Both parents and educators in Ontario are expressing frustration after the provincial government's last-minute decision to shift school to online learning for at least two weeks.

"I think that we're all disappointed that we had to be in this place where schools are being closed to in-person learning again," Peel District School Board high school science teacher Jason Bradshaw told CTV News Channel on Tuesday.

Ontario had initially announced on Dec. 30 that in-person classes would resume on Jan. 5 after the holiday break. The province had said that delaying the start of school by two days would allow time to deploy additional safety measures, such as HEPA filter units and free masks.

But on Monday, amid an explosion of COVID-19 cases and rising hospitalizations driven by the Omicron variant, Premier Doug Ford announced that classes would be moved online when school resumes, until at least Jan. 17.

For Toronto mom Jessica Sennet, the late announcement has thrown a wrench in all her plans.

"I'm just kind of trying to do my very best to kind of pivot and shift as much as I can while making sure my son is taken care of. I know a lot of parents feel the exact same way. We're just trying to hold it all together," she said during a CTV News Channel interview on Tuesday.

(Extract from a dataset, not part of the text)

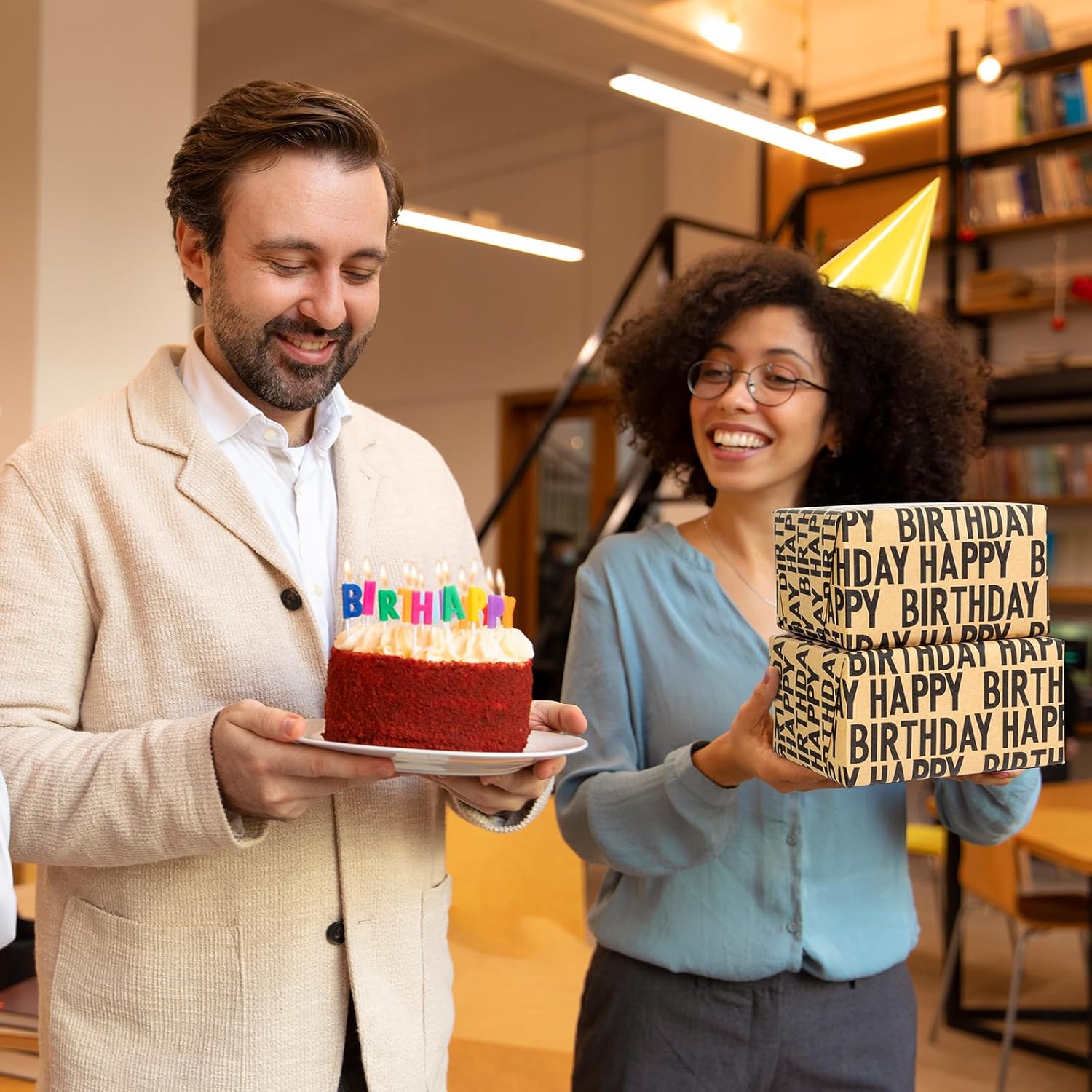 - MODERN BIRTHDAY WRAPPING PAPER: Featuring sleek black Happy Birthday text on classic kraft paper, combines a rugged yet sophisticated look. It’s the perfect pick for men—modern, minimal, and timeless, making every gift look sharp and classy

On top of navigating online schooling for her six-year-old son, who she said is too young to sit in front of the computer without supervision, the Ontario announcement has also affected Sennet's business, which provides fitness classes for new moms and moms-to-be.

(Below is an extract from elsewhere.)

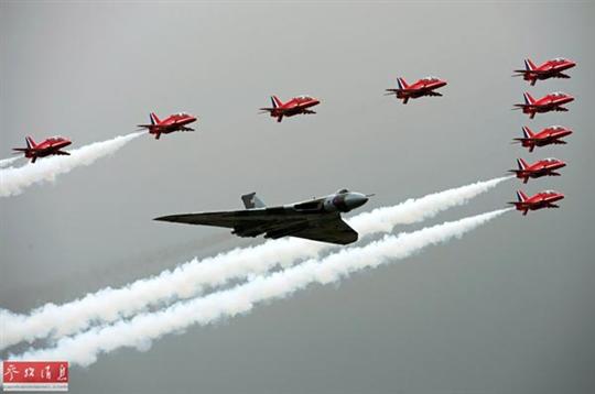 7月9日,在英國南部小城范堡羅,英國紅箭飛行隊和一架火神轟炸機在范堡羅航展上進行開幕表演。來源:參考消息

"I've already had to go ahead and cancel my indoor classes. I've had classes all around the city scheduled and I was scrambling yesterday, cancelling and working on refunds," she said.

Bradshaw says he would've liked to have been given more notice of the impending closures rather than seeing an announcement two days before school was about to begin.

"I think that the constant last-minute changing is actually causing a tremendous amount of stress and anxiety on students," he said. "If nothing else, I do wish that in the future we'd have more time and more notice when we know exactly what's going to be happening

Bradshaw says his students have been, for the most part, patient and understanding with the constant pandemic disruptions to their high school experience.

"I've been very impressed with young people who I think have faced the challenges and sacrifices they've been asked to make with a lot more patience and resiliency than a lot of adults have," he said.

Both Bradshaw and Sennet are crossing their fingers, hoping that this will be the last time that schools move online.

"I don't know what we will do if it extends. I think it's a much larger issue if the kids can't go back to school permanently or for a longer period of time," said Sennet. "But I think we'll be OK for the two weeks.”

In the meantime, Bradshaw is hoping that the province can make the most out if this time to install HEPA filter units in all schools, acquire enough masks and vaccinate all students and education workers.

"The work needs to begin today," he said. "It needs to begin right now, day one, or else this time is going to be wasted and we're going to find ourselves back from the same situation again."